This is my though on building and running a service. The main reason I separate these two is that it is possible that we have a poor service, but we can run while. And another side is also true. The ideally case is that we build a very good service and running in a professional way in that we can continuously improve ourselves.
How to build a good service?
1) Build a good team then you can build a better service
a) Having a architect group to review major change
b) Engineers make decision on what and how to build.
c) Less team, less people, less communication and whole team responsible for the service.
d) Keep people in similar position longer to perverse the expertise.
2) Invest more on tools and process to enable fast delivery with low cost:
a) Using tools to present bug happens (not detect bugs). Examples are FxCop, ShareCheker, XML parser/schema validation, watchdog rule checking, etc.
b) always ask does it work and how do you know for each check-in, i.e., every check-in should have some test to valid it really works.
3) Treat config as code
a) Your service should run correctly if config is wrong
b) You should try best to detect bad config upfront
c) Reduce the chance of having bad config being deployed
d) Fuzz testing with wrong configurations
4) Deployment automation
a) Prefer script based deployment than code based deployment
b) Focus on production deployment.
5) Metric driven release
a) Define or collect metric before you coding. Sometime be more specific on customer impact and business impact
b) Collect metrics in production
c) Valid metric against your expectation and re-coding.
How to run a service?
1) Balance between schedule, feature and quality.
a) livesite first principle: no matter how many features you have, if your service is not stabilize, you wouldn’t get more customer.
b) it is ok to catch next train, but don’t rush to current train to make it slow.
2) Focus on how can I ship faster than shipping faster.
3) Different release channel with different release schedule
4) Build a robust service health model with easy to use dashboard
5) Decision maker should know the service inside,
a) you should know how many cluster, machines, users per cluster.
b) you should have some technique knowledge about the service, such as how deployment works, how a feature works, and tries at least by themself to use the feature or deployed to test cluster.

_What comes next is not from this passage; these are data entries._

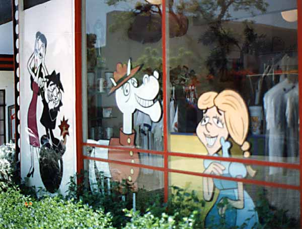 The front of the Emporium, featuring likenesses of Natasha, Boris Badenov, Dudley Do-Right's horse Horse, and Nell Fenwick.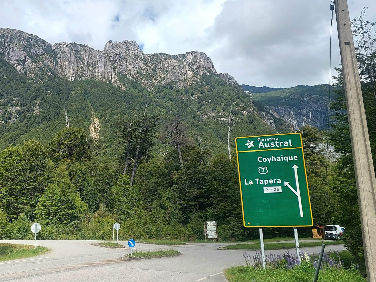 More dragon-tooth peaks today—this time looking like the dragon cracked open beer bottles with its molars. The Carretera Austral is endless undulations. Yesterday was the steep stuff. Today was gentler rolling hills—downs that cruise you halfway up the next up.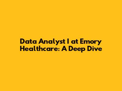 Data Analyst I At Emory Healthcare: A Deep Dive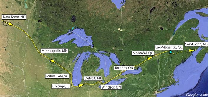 On the evening of July 5, 2013, at about 10:50 p.m., a Montreal, Maine & Atlantic Railway (MMA) train arrived at Nantes, Quebec, carrying 7.7 million litres of petroleum crude oil in 72 Class 111 tank cars. Originating in New Town, North Dakota, these were bound for Saint John, New Brunswick.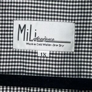Mili Designs Womens Plus 1X Button Up Shirt Black White Dog Embroidered Gingham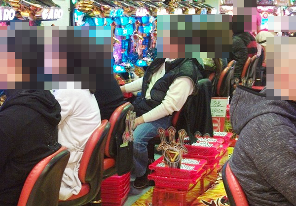 昼以降の様子をみてみると、20円パチスロでは「バジリスク〜甲賀忍法帖〜絆」と「沖ドキ!」、ミリオンゴッドシリーズが大盛況。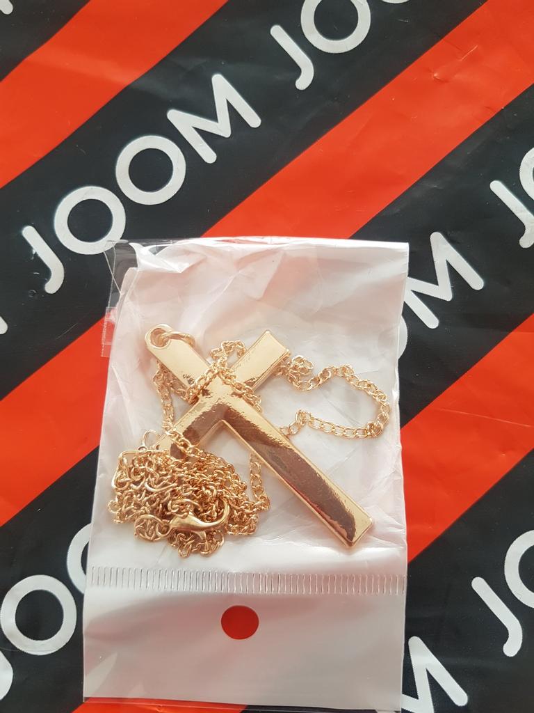 The chain is 50 cm, the cross is 5 cm by 3 cm. It looks stylish. It is made of metal. I removed one star for the notches on the back.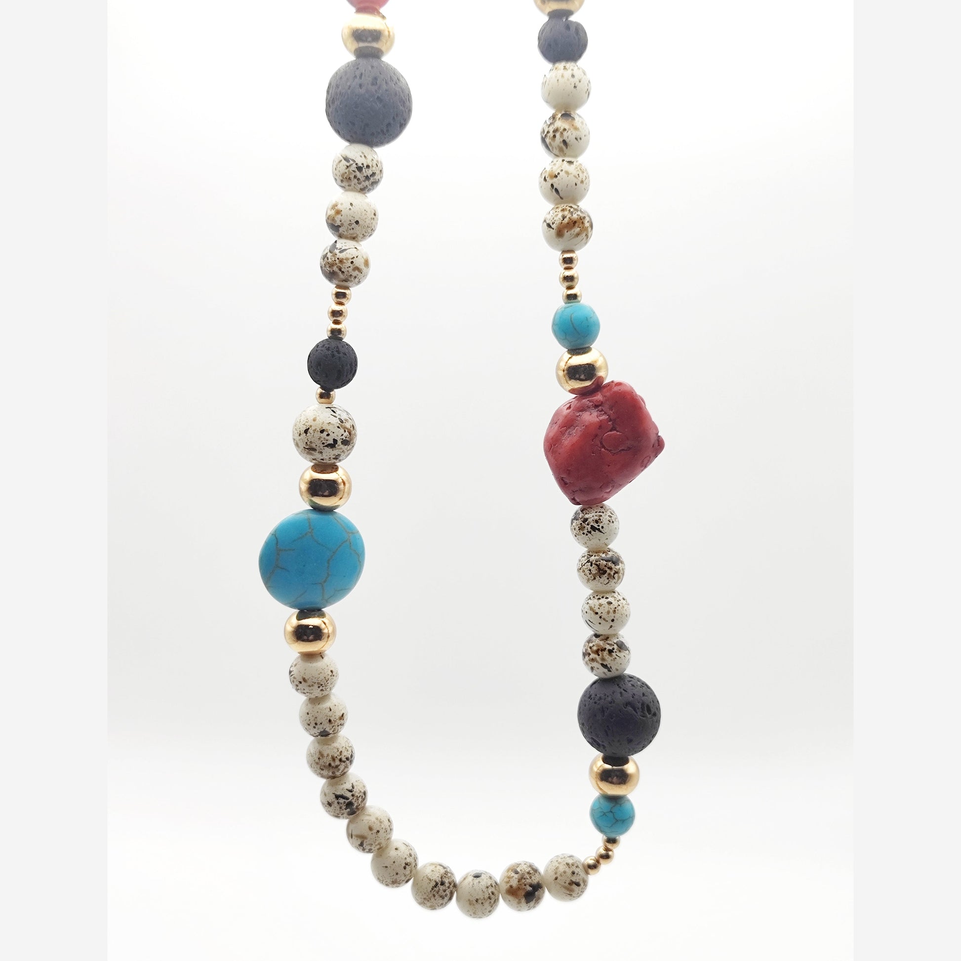 Showcase your unique style with this striking handmade necklace, featuring genuine natural stones and luxurious details. White volcanic lava beads with their distinctive porous texture gracefully embrace the neckline, while larger black lava stones create a bold contrast. The vivid red coral centerpiece adds a touch of vibrant color and character, beautifully complemented by turquoise stones reminiscent of Aegean blue.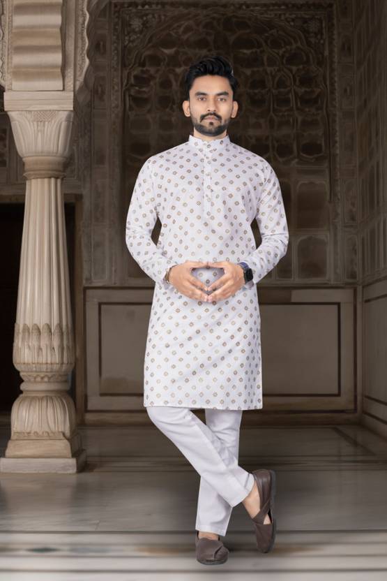 Rock the night in this printed kurta featuring elegant printed work that adds just the right amount of sparkle. Made from a soft cotton blend fabric, this kurta combines comfort with effortless style. Its vibrant coor shade and detailed print give a modern festive vibe, perfect for parties, celebrations, or casual outings. Pair it with dark jeans and sleek loafers to create a bold, confident look that’s sure to steal the spotlight wherever you go.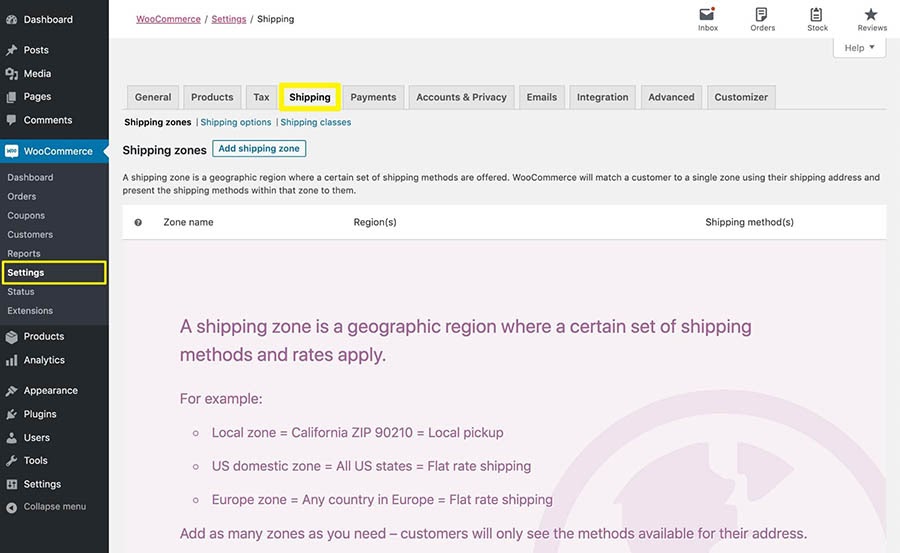 En tu panel de WordPress, navega a WooCommerce > Settings > Shipping.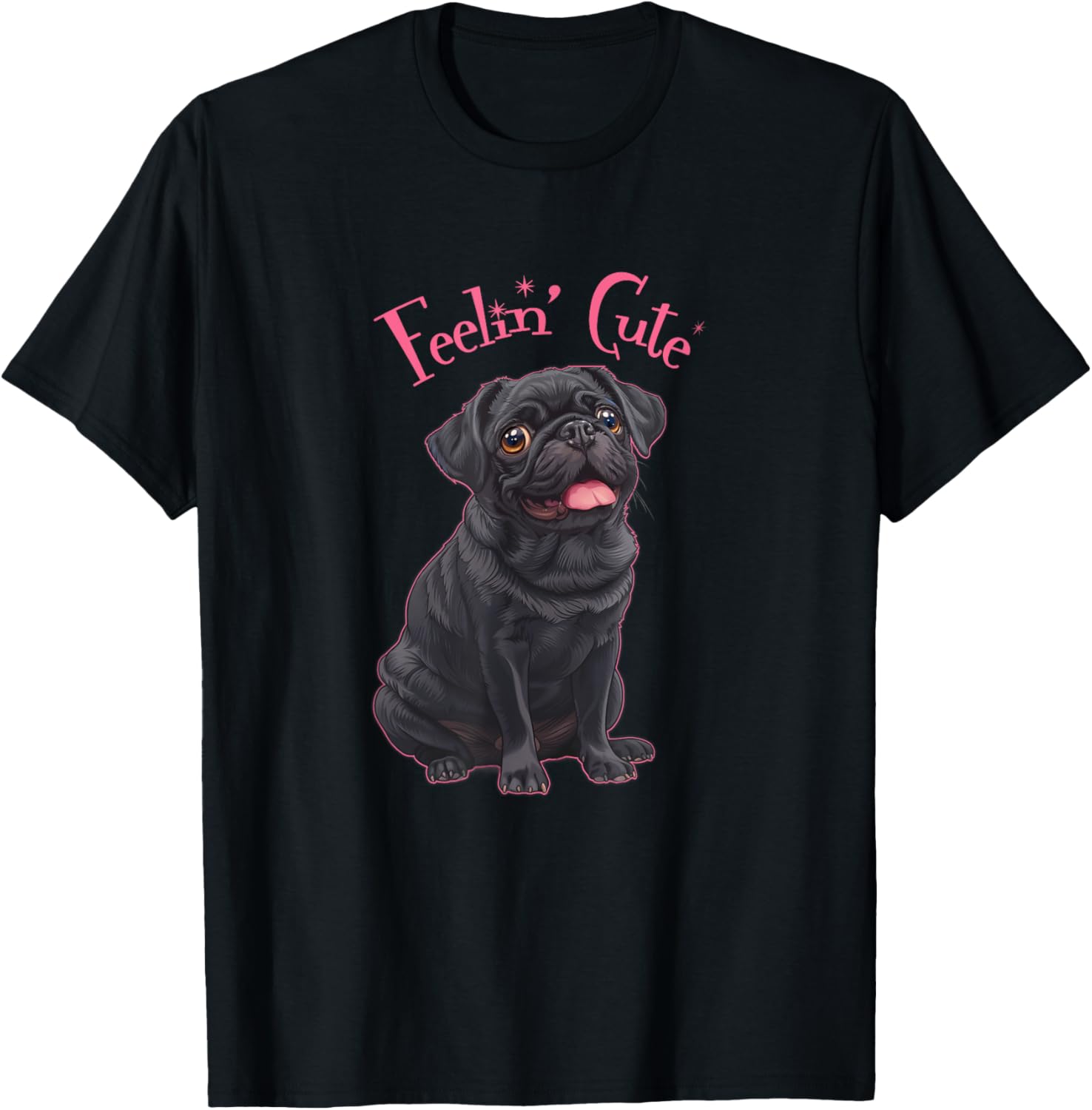 Funny Womens Girls Feelin' Cute Black Pug Lover T-Shirt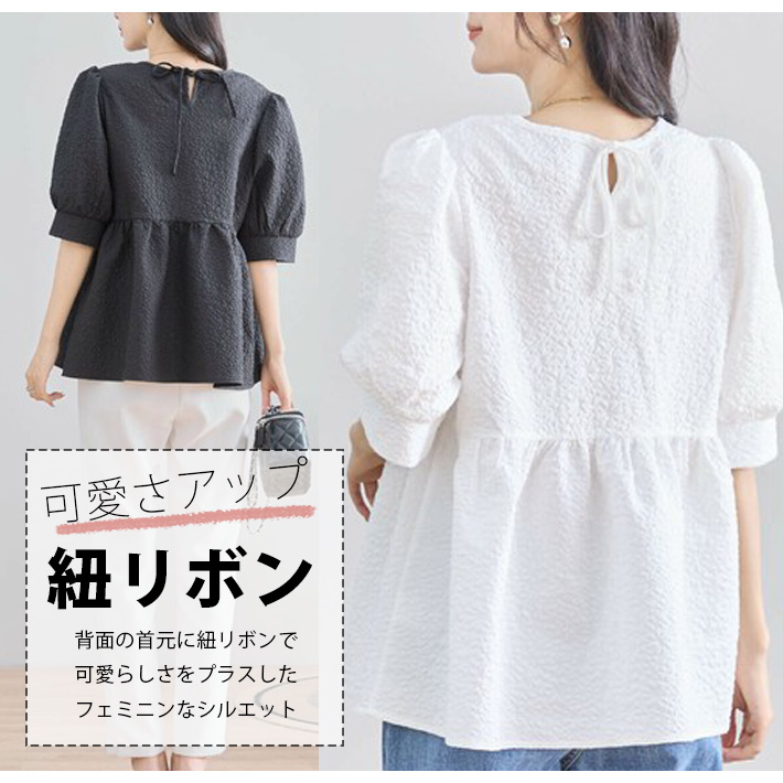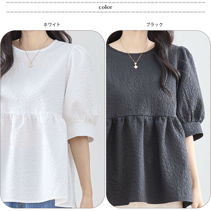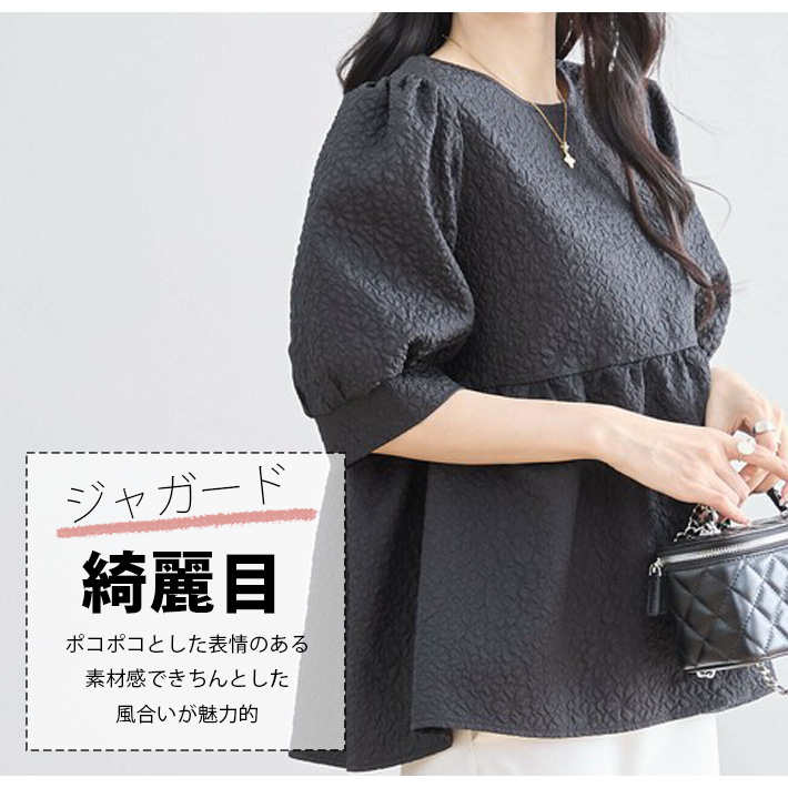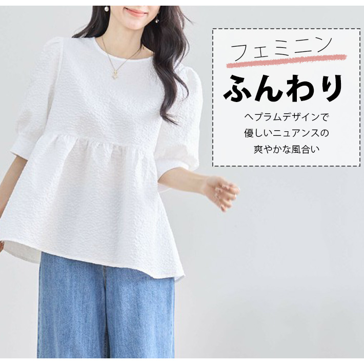 Aライン チュニック ブラウス シャツ ペプラム フレア 五分袖 ボリューム袖 ふんわり フェミニン かわいい ゆったり 大きいサイズ 薄手 無地 春 夏 レディース

c) you need be a customer of your service
6) In long term, shiproom might not be necessary or shift the focus of ship room from deployment, QFE, bugs to service health/KPI driven decision
7) Get rid of release notes. Why not integrate all contents in release notes into deployment automation, and do policy based deployment
8) Op team very closely works with dev team, no gaps, not communication issues.
9) Every live site accident need root cause analysis
10) Knowing where your money coming from, and making sure the money pipeline is not broken. Examples are create/drop database should have very high pass rate.